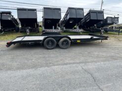 Wood Deck, Slide In Ramps, Brakes, Deck 83″W x 20’L, 3500lb Spring Axles, Tires 20575R15 Radials, 2-5/16″ Coupler, Spare Tire Mount, Removable Fenders, Beaver Tail, LED Lights, No Warranty on Paint or Wood
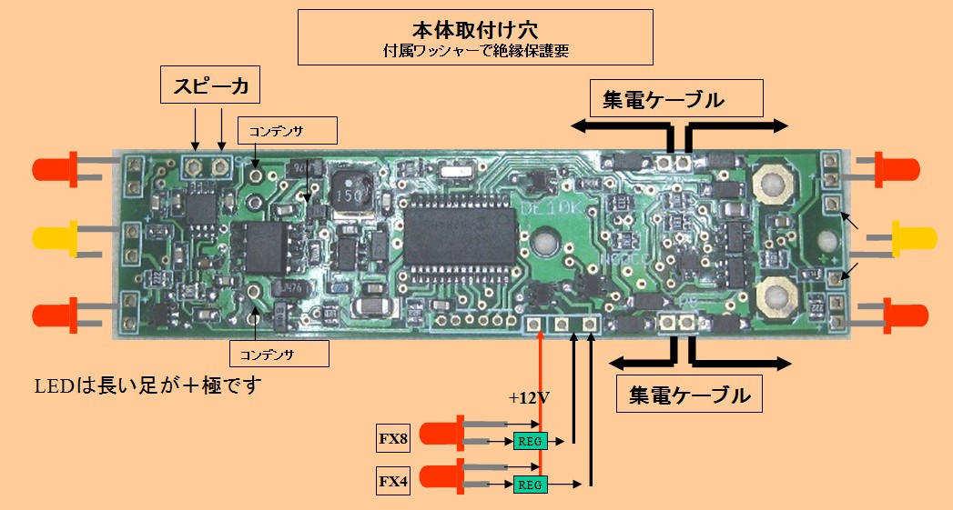 - 7FX → 8FX (ヘッドライト、テールライト以外の2FX(Fx4,Fx8)は、必ず抵抗器が必要です。)
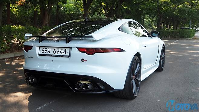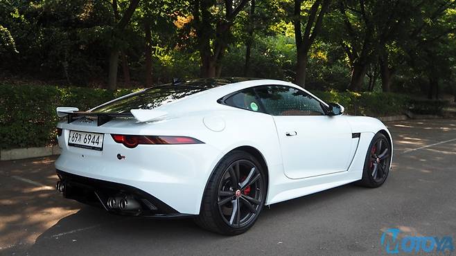 하지만 재규어에게는 세단보다도 더 오래된 스포츠카의 전통이 있다. 스왈로우 사이드카 컴퍼니(Swallow Sidecar Company Ltd.)시절부터 회사의 이름을 알린 ‘SS100’을 시작으로 고성능 자동차의 이미지를 심어 준 ‘XK120’, 그리고 르망24시 레이스 무대를 휩쓴 C-타입과 D-타입을 토대로 개발된 세기의 걸작 ‘E-타입’, 20세기 재규어 기술력의 정점을 보여 준 슈퍼카 ‘XJ220’, 그리고 이번에 시승한 F-타입의 선대 모델이자, 현대적인 GT이기도 했던 ‘XK’ 시리즈 등, 스포츠카는 재규어의 역사에서 항상 자리하고 있었다. 그리고 E-타입을 정신적인 선대 모델로 칭한, 재규어의 최신 스포츠카, F-타입 역시 재규어의 역사와 함께 하고 있다. 이번에 시승한 F-타입은 그 중에서도 궁극의 F-타입라 할 수 있는 SVR 쿠페 모델을 시승했다. VAT 포함 가격은 2억 1,590만원.
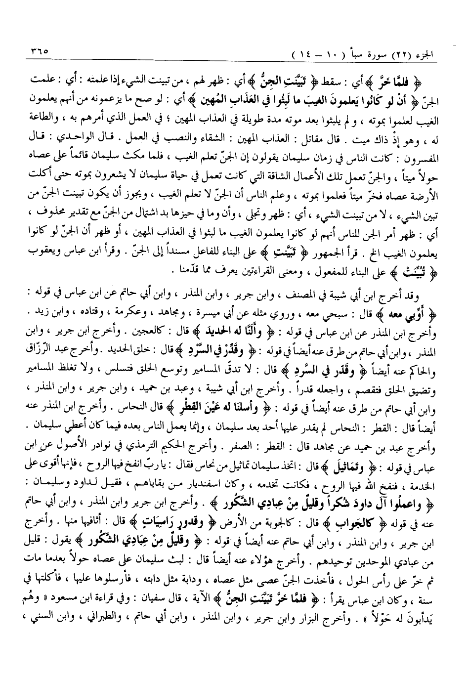 اعْمَلُوا آلَ داوُدَ شُكْراً وَقَلِيلٌ مِنْ عِبادِيَ الشَّكُورُ. وَأَخْرَجَ ابْنُ جَرِيرٍ وَابْنُ الْمُنْذِرِ، وَابْنُ أَبِي حَاتِمٍ عَنْهُ فِي قَوْلِهِ كَالْجَوابِ قَالَ: كَالْجَوْبَةِ مِنَ الْأَرْضِ وَقُدُورٍ راسِياتٍ قال: أثافيها منها. وَأَخْرَجَ ابْنُ جَرِيرٍ، وَابْنُ الْمُنْذِرِ، وَابْنُ أَبِي حَاتِمٍ عَنْهُ أَيْضًا فِي قَوْلِهِ: وَقَلِيلٌ مِنْ عِبادِيَ الشَّكُورُ يَقُولُ: قَلِيلٌ مِنْ عِبَادِيَ الْمُوَحِّدِينَ تَوْحِيدَهُمْ. وَأَخْرَجَ هَؤُلَاءِ عَنْهُ أَيْضًا قَالَ: لَبِثَ سُلَيْمَانُ عَلَى عَصَاهُ حَوْلًا بَعْدَ مَا مَاتَ ثُمَّ خَرَّ عَلَى رَأْسِ الْحَوْلِ، فَأَخَذَتِ الْجِنُّ عصى مِثْلَ عَصَاهُ، وَدَابَّةً مِثْلَ دَابَّتِهِ، فَأَرْسَلُوهَا عَلَيْهَا، فَأَكَلَتْهَا فِي سَنَةٍ، وَكَانَ ابْنُ عَبَّاسٍ يَقْرَأُ: فَلَمَّا خَرَّ تَبَيَّنَتِ الْجِنُّ الْآيَةَ، قَالَ سُفْيَانُ: وَفِي قِرَاءَةِ ابْنِ مَسْعُودٍ «وَهُمْ يَدْأَبُونَ لَهُ حَوْلًا» . وَأَخْرَجَ الْبَزَّارُ وَابْنُ جَرِيرٍ، وَابْنُ الْمُنْذِرِ، وَابْنُ أَبِي حَاتِمٍ، وَالطَّبَرَانِيُّ، وَابْنُ السُّنِّيِّ،
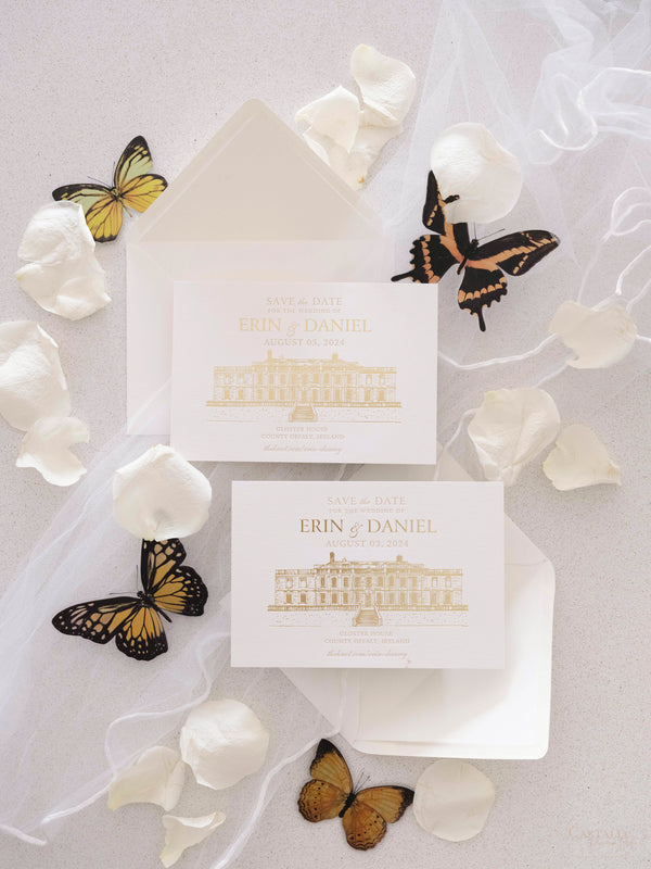 Tipografía Guardar la fecha con boceto del lugar de lámina dorada | CASA GLOSTER
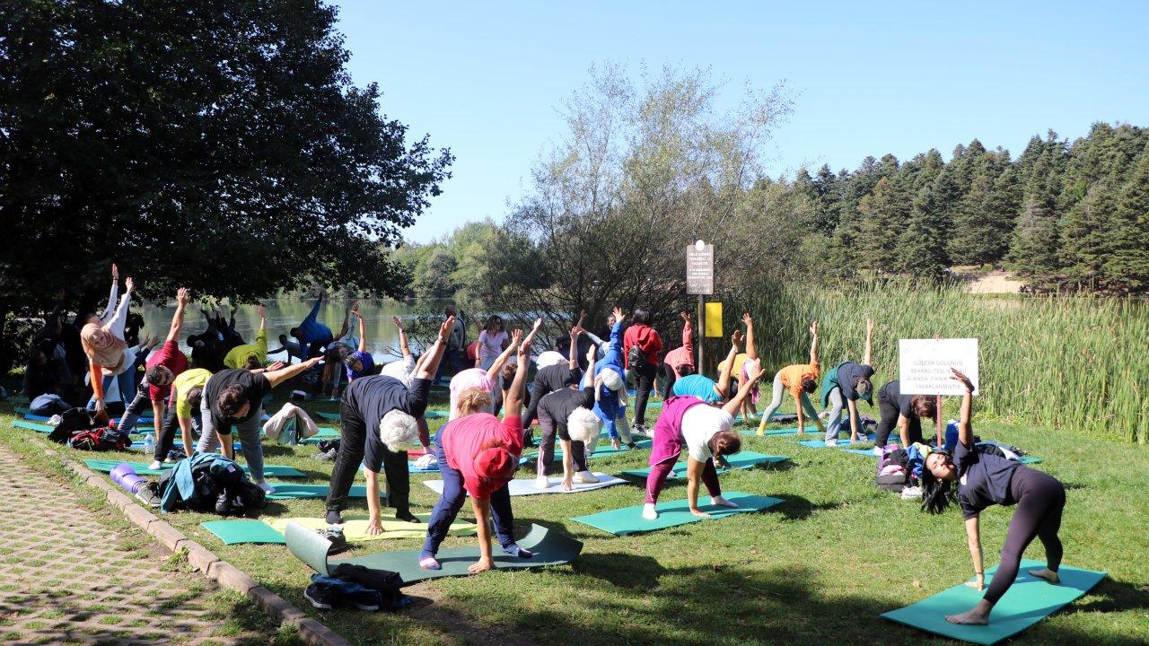 Bolu'da hafta sonu güneşli havaya fırsat bilenler Gölcük Tabiat Parkı'na akın etti. İstanbul'dan gelen 90 kişilik grup çam ağaçları arasındaki tabiat parkında göl kenarında yoga yaptı.

——

Assignment:
Quote the records above exactly, leaving out any pictures.

Finished task:
 Wood Deck, Slide In Ramps, Brakes, Deck 83″W x 20’L, 3500lb Spring Axles, Tires 20575R15 Radials, 2-5/16″ Coupler, Spare Tire Mount, Removable Fenders, Beaver Tail, LED Lights, No Warranty on Paint or Wood
 - 7FX → 8FX (ヘッドライト、テールライト以外の2FX(Fx4,Fx8)は、必ず抵抗器が必要です。)
 하지만 재규어에게는 세단보다도 더 오래된 스포츠카의 전통이 있다. 스왈로우 사이드카 컴퍼니(Swallow Sidecar Company Ltd.)시절부터 회사의 이름을 알린 ‘SS100’을 시작으로 고성능 자동차의 이미지를 심어 준 ‘XK120’, 그리고 르망24시 레이스 무대를 휩쓴 C-타입과 D-타입을 토대로 개발된 세기의 걸작 ‘E-타입’, 20세기 재규어 기술력의 정점을 보여 준 슈퍼카 ‘XJ220’, 그리고 이번에 시승한 F-타입의 선대 모델이자, 현대적인 GT이기도 했던 ‘XK’ 시리즈 등, 스포츠카는 재규어의 역사에서 항상 자리하고 있었다. 그리고 E-타입을 정신적인 선대 모델로 칭한, 재규어의 최신 스포츠카, F-타입 역시 재규어의 역사와 함께 하고 있다. 이번에 시승한 F-타입은 그 중에서도 궁극의 F-타입라 할 수 있는 SVR 쿠페 모델을 시승했다. VAT 포함 가격은 2억 1,590만원.
 اعْمَلُوا آلَ داوُدَ شُكْراً وَقَلِيلٌ مِنْ عِبادِيَ الشَّكُورُ. وَأَخْرَجَ ابْنُ جَرِيرٍ وَابْنُ الْمُنْذِرِ، وَابْنُ أَبِي حَاتِمٍ عَنْهُ فِي قَوْلِهِ كَالْجَوابِ قَالَ: كَالْجَوْبَةِ مِنَ الْأَرْضِ وَقُدُورٍ راسِياتٍ قال: أثافيها منها. وَأَخْرَجَ ابْنُ جَرِيرٍ، وَابْنُ الْمُنْذِرِ، وَابْنُ أَبِي حَاتِمٍ عَنْهُ أَيْضًا فِي قَوْلِهِ: وَقَلِيلٌ مِنْ عِبادِيَ الشَّكُورُ يَقُولُ: قَلِيلٌ مِنْ عِبَادِيَ الْمُوَحِّدِينَ تَوْحِيدَهُمْ. وَأَخْرَجَ هَؤُلَاءِ عَنْهُ أَيْضًا قَالَ: لَبِثَ سُلَيْمَانُ عَلَى عَصَاهُ حَوْلًا بَعْدَ مَا مَاتَ ثُمَّ خَرَّ عَلَى رَأْسِ الْحَوْلِ، فَأَخَذَتِ الْجِنُّ عصى مِثْلَ عَصَاهُ، وَدَابَّةً مِثْلَ دَابَّتِهِ، فَأَرْسَلُوهَا عَلَيْهَا، فَأَكَلَتْهَا فِي سَنَةٍ، وَكَانَ ابْنُ عَبَّاسٍ يَقْرَأُ: فَلَمَّا خَرَّ تَبَيَّنَتِ الْجِنُّ الْآيَةَ، قَالَ سُفْيَانُ: وَفِي قِرَاءَةِ ابْنِ مَسْعُودٍ «وَهُمْ يَدْأَبُونَ لَهُ حَوْلًا» . وَأَخْرَجَ الْبَزَّارُ وَابْنُ جَرِيرٍ، وَابْنُ الْمُنْذِرِ، وَابْنُ أَبِي حَاتِمٍ، وَالطَّبَرَانِيُّ، وَابْنُ السُّنِّيِّ،
 Tipografía Guardar la fecha con boceto del lugar de lámina dorada | CASA GLOSTER
 Bolu'da hafta sonu güneşli havaya fırsat bilenler Gölcük Tabiat Parkı'na akın etti. İstanbul'dan gelen 90 kişilik grup çam ağaçları arasındaki tabiat parkında göl kenarında yoga yaptı.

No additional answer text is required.